2024 American Academy of Neurology Abstract Website

Reversa Mills¹, Chantale Branson², Hiral Shah³, Tammyjo Best⁴, Bernard Coley⁵, Denise Coley⁵, Michael Fitts⁶, Kimberly Gamble⁷, Richard Huckabee⁵, Angela Huckabee⁵, Evelyn Lewis⁵, Lisa Seghetti⁵, Karen Williams⁸, Lance Wilson⁹, Amasi Kumeh¹⁰, Casey Gallagher¹⁰, Christiana Evers¹¹, Evelyn Stevens¹⁰
¹Chalmers P Wylie Veterans Administration, ²Morehouse School of Medicine, ³Columbia University, ⁴Emory University, ⁵Parkinson’s Foundation Research Advocate/Volunteer, ⁶University of Alabama Birmingham, ⁷Atrium Health, ⁸Northwestern University, ⁹Thomas Jefferson University, ¹⁰Parkinson's Foundation, ¹¹Parkinson's Disease Foundation

Objective:

Redesign the Parkinson’s Foundation Learning Institute for the Black community living with Parkinson’s

Background:

Black people living with Parkinson’s are underrepresented in research and the full impact of Parkinson’s on the Black community is unknown.
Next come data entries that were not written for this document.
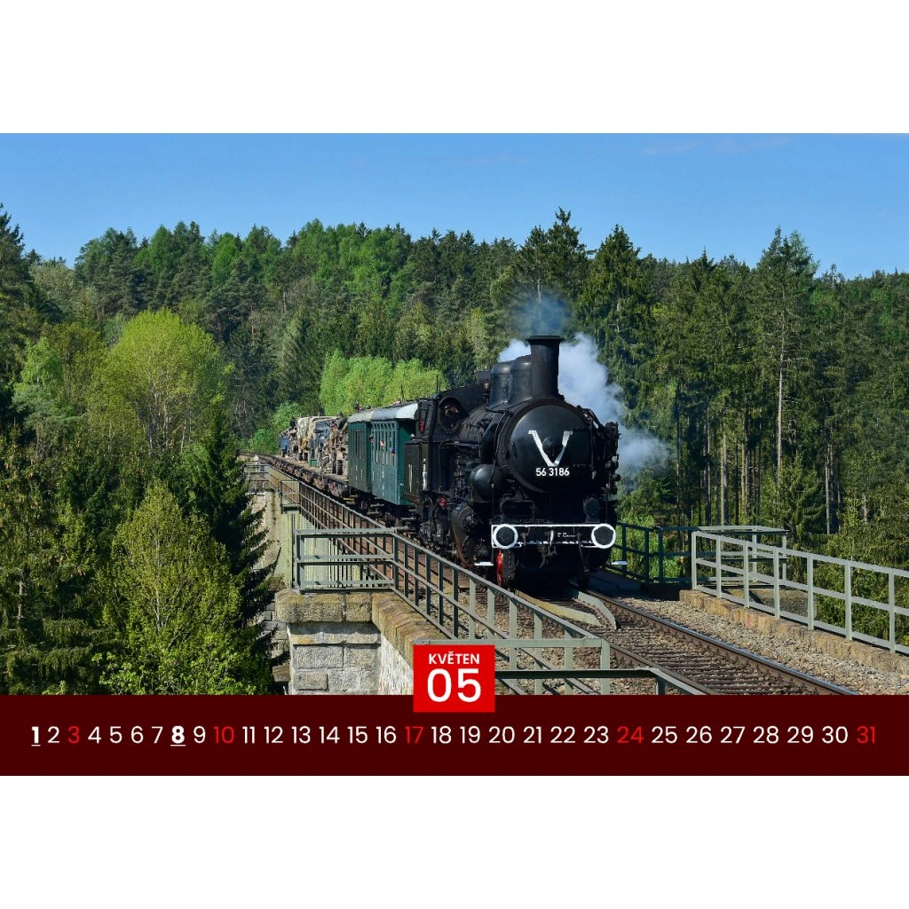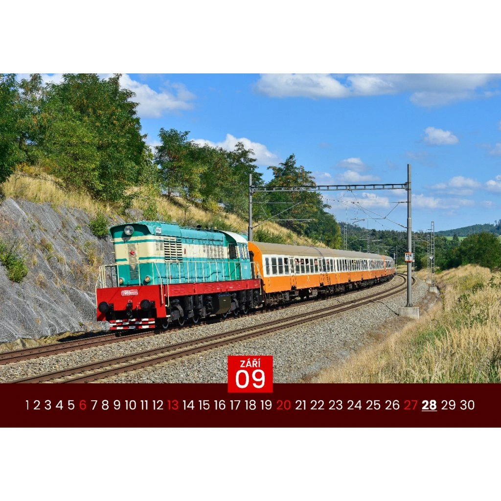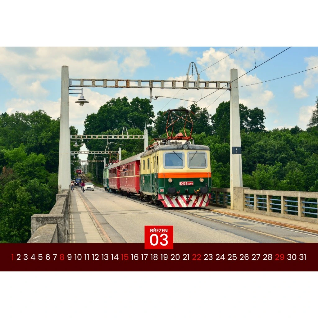 Kalendár formátu A3 spája výtvarnú eleganciu s historickými fotografiami dopravných vozidiel z minulých období. Každý mesiac ponúka pôsobivý pohľad na železničnú minulosť. Tlačený ofsetom na kvalitný papier a vybavený kovovou väzbou a háčikom, je ideálny pre nostalgikov, modelárov a zberateľov historickej techniky.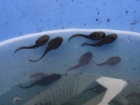 おたまじゃくしの様子は・・・生まれた時期が一月近く遅かったと書きましたが、その後順調に成長しています。この数日で、後ろ脚が出て来たのが確認できました。この後は、急速に成長が進むことでしょう。小さな蛙となって陸地に上がる日がたのしみであります・・・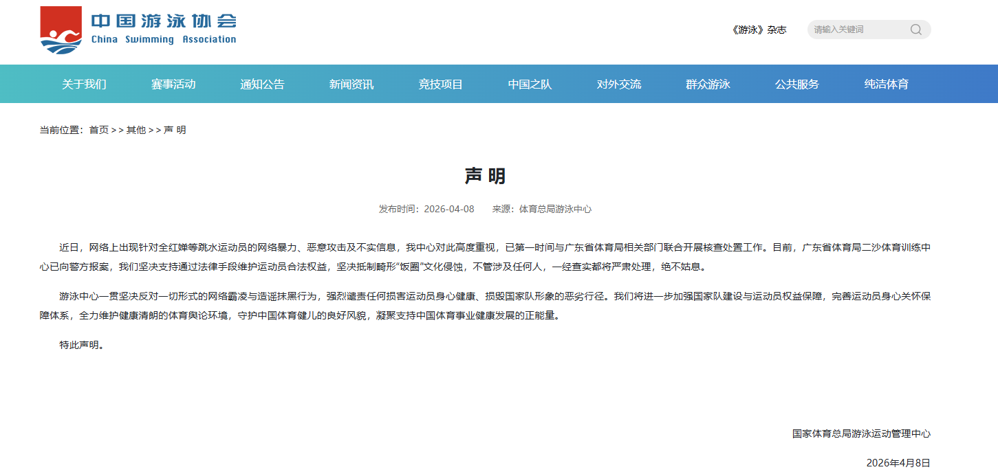 4月8日,國家體育總局游泳運動管理中心就全紅嬋等跳水運動員遭受網暴一事發布聲明,全文如下: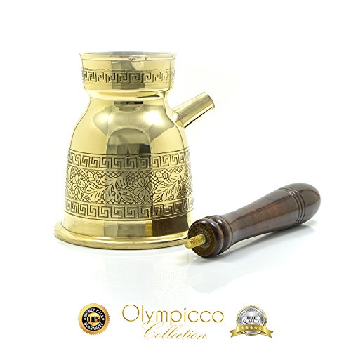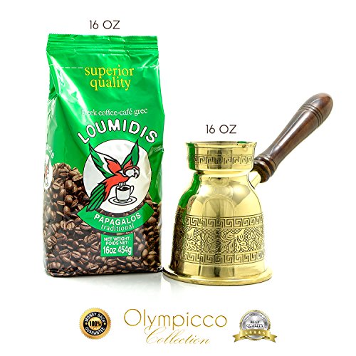 Papagalos Loumidis Ground Coffee 16 Oz - With Handmade Greek Turkish Coffee Pot Solid Brass 3mm - Elegant patterns with coffee flowers and Greek key design with removable Wooden Handle from OLYMPICCO Collection 16. Oz (Pack of 2) There are plenty of coffee pots available these days that come in different styles and designs. But there is one breakthrough product that is now starting to captivate the attention and interest of many coffee lovers and enthusiasts out there. This product is none other than the thickest Greek Turkish Coffee Pot Solid Brass, handmade with elegant flower patterns and Greek key borders design. FIVE Reasons WHY should people BUY The Papagalos Loumidis Ground Coffee 16 Oz and coffee Pot, OLYMPICCO Collection Pack of 2. 1) Every cup of Greek Coffee contains 150mg of antioxidants which operate as a protection shield of your cells, so it is ready to be prepared in Olympicco Collection coffee pot with no further grinding. 2) This top quality Greek/Turkish coffee pot comes with removable wooden handles that also provides ultimate comfort upon every use. 3) Available in one size of 16 Oz. These coffee pots are designed to particularly make the best Greek coffee, and the solid brass material contributes to the coffee's great taste. Brass is also said to be better than copper since this is a tough material and this remain shiny even for longest years. 4) The Greek Turkish Coffee pot can impart a refreshing and great taste to your coffee. This coffee pot has become a favorite possession to so many people especially those who love Greek/Turkish coffee. 5) OLYMPIC TRADING Offers 100% Money-Back and Satisfaction Guarantees. Advantages: If you are looking for the best coffee pot that boils easily and makes the most delicious coffee, then the Greek Turkish Coffee Pot from OLYMPICCO Collection is the best choice. 0 |
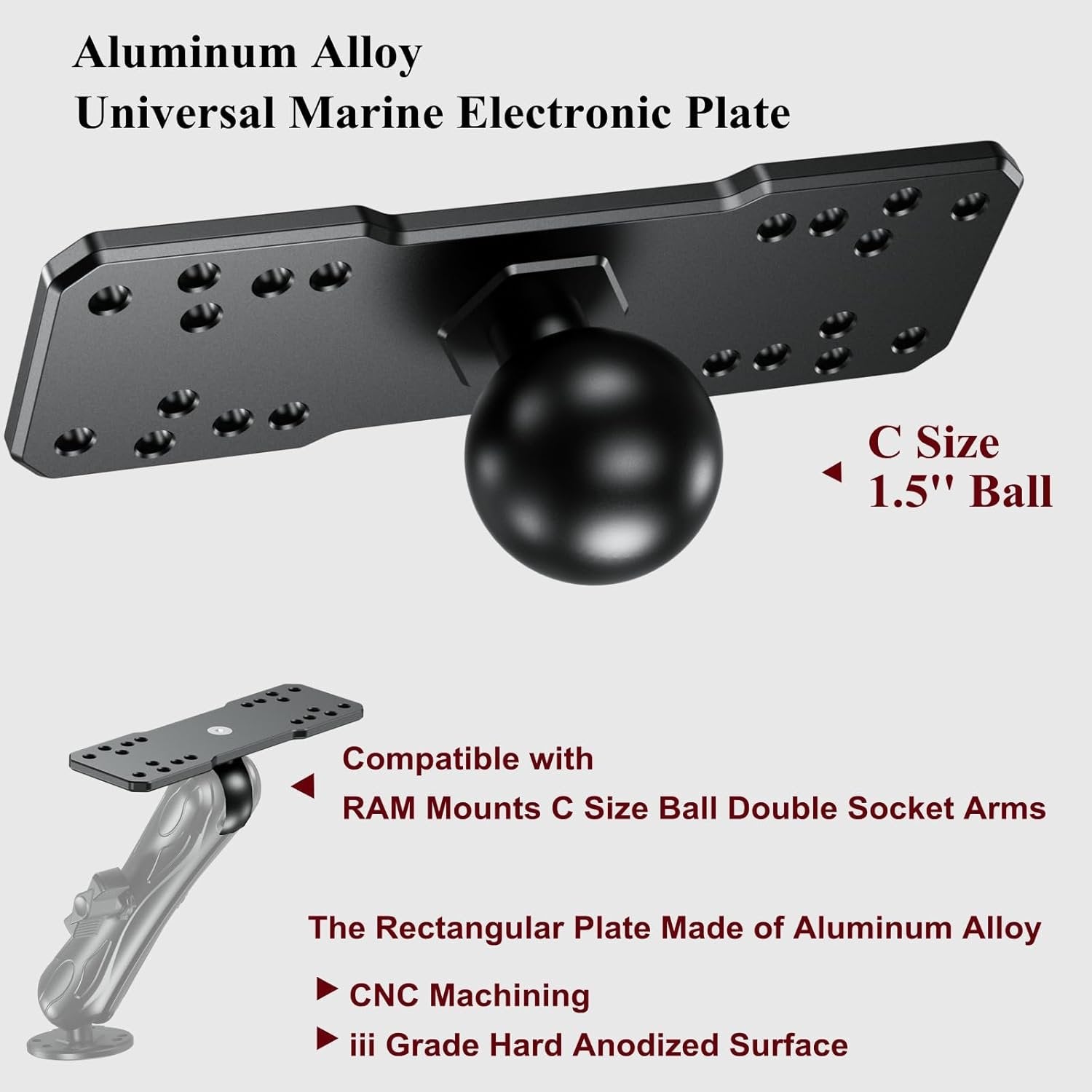 BRCOVAN Aluminum Alloy Marine Electronic Plate with 1.5'' TPU Ball for RAM Mounts C Size Double Socket Arm for Garmin/Humminbird/Lowrance GPS Chartplotters, Fishfinders and Marine Electronic Mount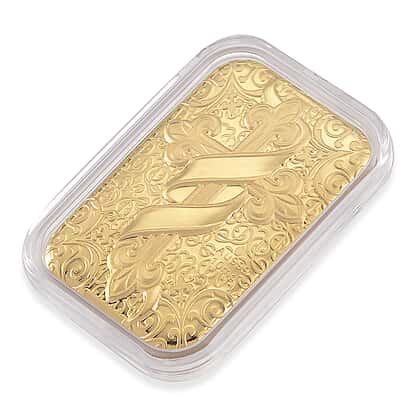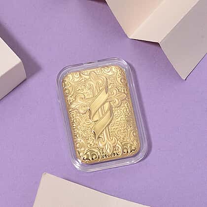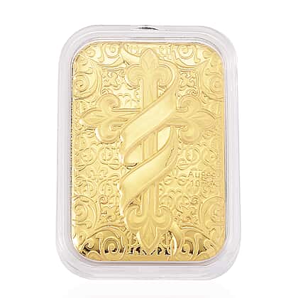 Just a gold collectible that will remind you of your faith! This 24K yellow gold collectible features a fleur-de-lis cross at the centre wrapped around with a ribbon-like detailing. The collectible is further enhanced with ornate swirling designs that helps to add a timeless luxe look to it. It features curved edges which helps to add a sense of gracefulness to the design. It makes for a unique keepsake that can be passed on to generations or a piece of investment. It can also symbolise hope and belief in the higher power, thus can also make for an enduring emblem of your faith.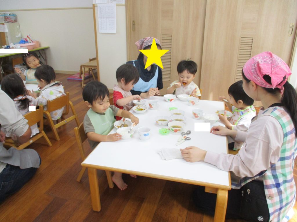 給食も頑張って食べているところを見てもらいましたよ★★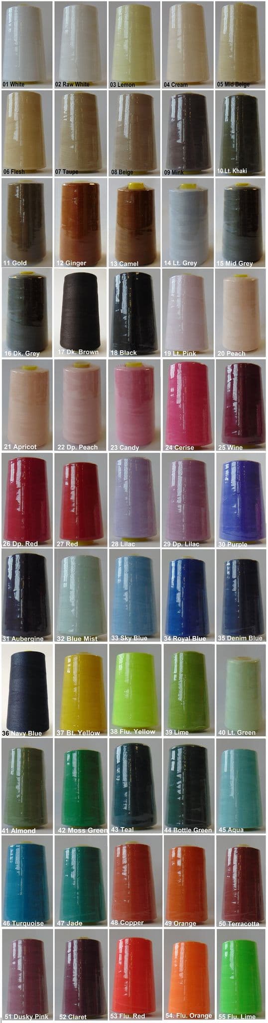 0 C0003 75, Spun Polyester Overlocking Thread - 5000yrd cones - Full Colour Range (1)
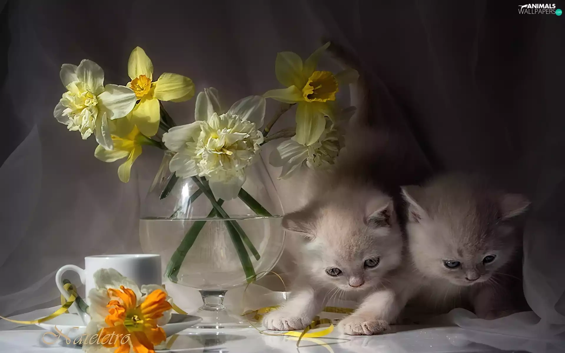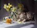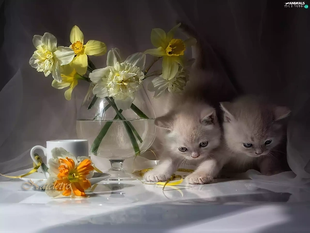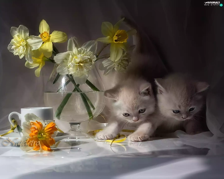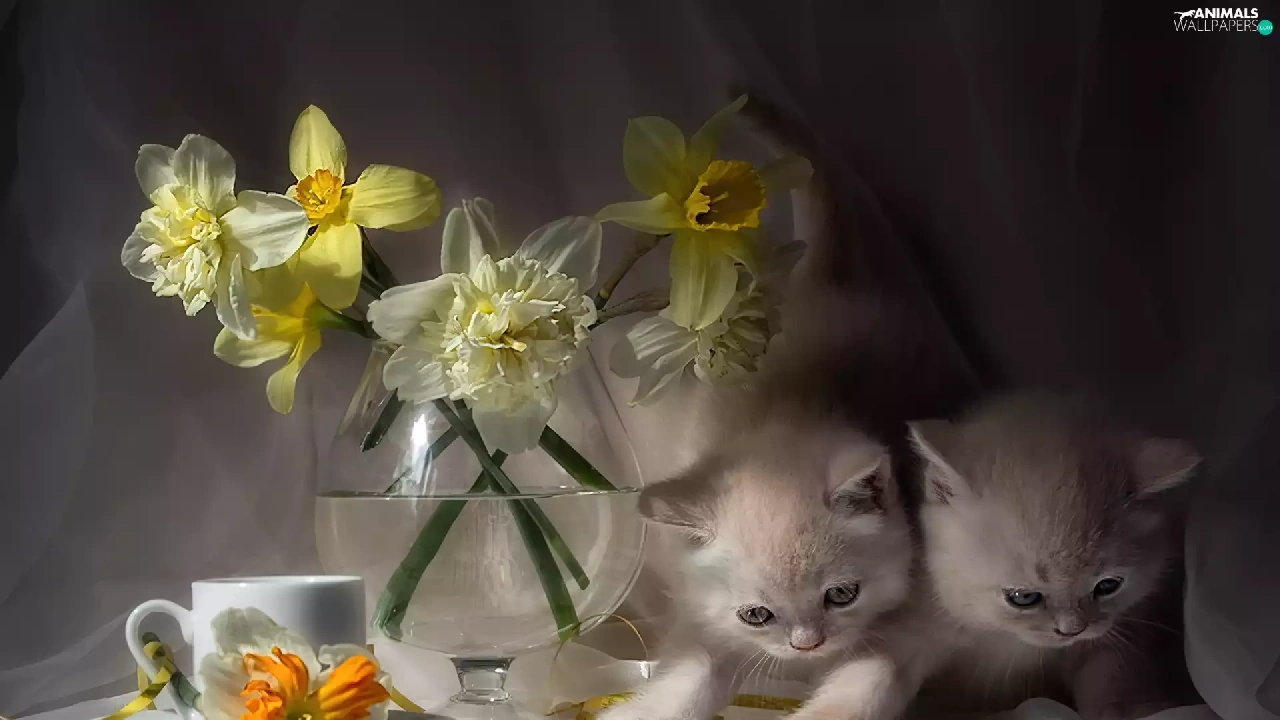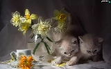Vase, cup, puss, Daffodils, Two cars
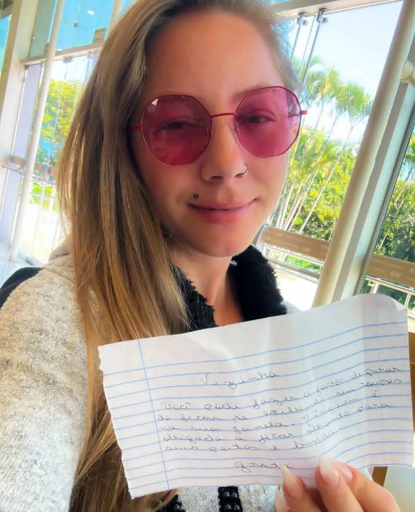 O texto do bilhete é direto e anônimo: “Vizinha, você pode fazer o favor de parar de ficar se exibindo sem roupas na sua janela. Ninguém é obrigado a ficar olhando para seus peitos e bunda. Grata”.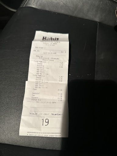Read moreI like the food here. However, it seems to me that at The Habit, cleaning the trays they serve the food in is not in their policy. My tray at this location was again covered in grease and crumbs from the last customer to use it. Even a piece of lettuce was stuck to it in plain sight, dried to the tray, so i know it didn't come from my fresh food. The bathrooms at this one were being cleaned when i was there, and weren't even finished by the time i was ready to wash my hands and leave. There was soapy water all over the floor and just left like that. I needed to use the facility but decided not to since the door was propped open. Another thing, why do the bathrooms at these places always smell as if someone had just smoked inside? Can't your employees go outside to enjoy their smoking? Or who was it? You need to really work on this Habit. Very...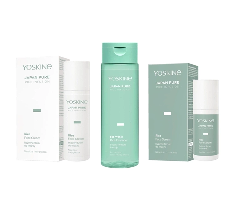 Das Geschenkset Yoskine Japan Pure Rice Infusion ist ein kompletter Pflegeritus, der für jeden Hauttyp entwickelt wurde, insbesondere für trockene, empfindliche und regenerationsbedürftige Haut. Die Kosmetika aus dem Yoskine Set spenden intensiv Feuchtigkeit, glätten und nähren die Haut und unterstützen ihre natürliche Elastizität sowie ein strahlendes Aussehen. Die Zusammensetzung des Sets basiert auf aktiven Inhaltsstoffen aus Reis – Reisferment spendet Feuchtigkeit und verleiht Leuchtkraft, Beta-Glucan beruhigt und unterstützt die Regeneration, Präbiotika stärken das Hautmikrobiom und Reispeptide nähren die Haut und verbessern den Zustand der Epidermis. Die ideale Wahl für alle, die eine umfassende Pflege im Geiste des japanischen Schönheitsrituals suchen.

There are limited programs that address diversity in Parkinson’s research. The Parkinson’s Foundation Learning Institute has the potential to mitigate health inequities through targeted and tailored training in research advocacy.

Design/Methods:

The Learning Institute trains people with Parkinson’s and care partners to collaborate with researchers/scientists as primary partners in the drug development process. Guided by best practices in patient engagement, the Parkinson’s Foundation formed a partnership with the Black Parkinson’s community (people with Parkinson’s, care partners, Morehouse School of Medicine, neurologists, and other health professionals) to redesign and execute The Learning Institute using culturally responsive pedagogy. PD GENEration, a national initiative to offer free genetic testing and counseling to the Parkinson’s community, was embedded in the curriculum as research that aims to improve enrollment of the Black community.

Results:

The Learning Institute was held in September 2023. Thirty-three (33) people from the Black community were trained in research advocacy (16 people with Parkinson’s, 17 care partners; Average age=58 years; Average years of diagnosis=8 years). 71% reported having never participated in a clinical trial. Pre/Post measures demonstrated improvements in knowledge and attitudes towards research. Atteendees reported being most interested in community advocacy (i.e., personal stories to raise awareness). After an educational, question-answer session and a live demonstration, several attendees enrolled in PD GENEration.

Conclusions:

Attendees returned to their community as research advocates, positioned to collaborate with researchers/scientists to advance treatment and use their voice in the community to educate, raise awareness about Parkinson’s and the benefits of research, a step towards advancing health equity for the Black Parkinson’s community.